Using the material that follows, output exactly the lines from the one containing "舞台灯光闪烁,配乐由缓转急,厦门大学武术" through the one containing "- A large living", with both ends kept.

[Opening Supplied data section]

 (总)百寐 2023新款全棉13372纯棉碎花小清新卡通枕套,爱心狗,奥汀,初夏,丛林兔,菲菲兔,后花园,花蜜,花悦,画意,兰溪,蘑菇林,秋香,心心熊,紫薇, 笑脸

[Closing Supplied data section]
[Opening Supplied data section]

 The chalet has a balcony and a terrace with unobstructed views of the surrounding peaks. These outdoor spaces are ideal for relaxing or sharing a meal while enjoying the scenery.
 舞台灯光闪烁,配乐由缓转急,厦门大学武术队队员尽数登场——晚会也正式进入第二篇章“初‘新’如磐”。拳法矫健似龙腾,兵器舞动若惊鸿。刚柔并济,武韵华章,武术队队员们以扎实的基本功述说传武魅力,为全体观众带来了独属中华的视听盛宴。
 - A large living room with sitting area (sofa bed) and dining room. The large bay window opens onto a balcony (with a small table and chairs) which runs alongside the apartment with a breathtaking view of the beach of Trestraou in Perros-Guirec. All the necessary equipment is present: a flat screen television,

[Closing Supplied data section]

**Reply**
 舞台灯光闪烁,配乐由缓转急,厦门大学武术队队员尽数登场——晚会也正式进入第二篇章“初‘新’如磐”。拳法矫健似龙腾,兵器舞动若惊鸿。刚柔并济,武韵华章,武术队队员们以扎实的基本功述说传武魅力,为全体观众带来了独属中华的视听盛宴。
 - A large living room with sitting area (sofa bed) and dining room. The large bay window opens onto a balcony (with a small table and chairs) which runs alongside the apartment with a breathtaking view of the beach of Trestraou in Perros-Guirec. All the necessary equipment is present: a flat screen television,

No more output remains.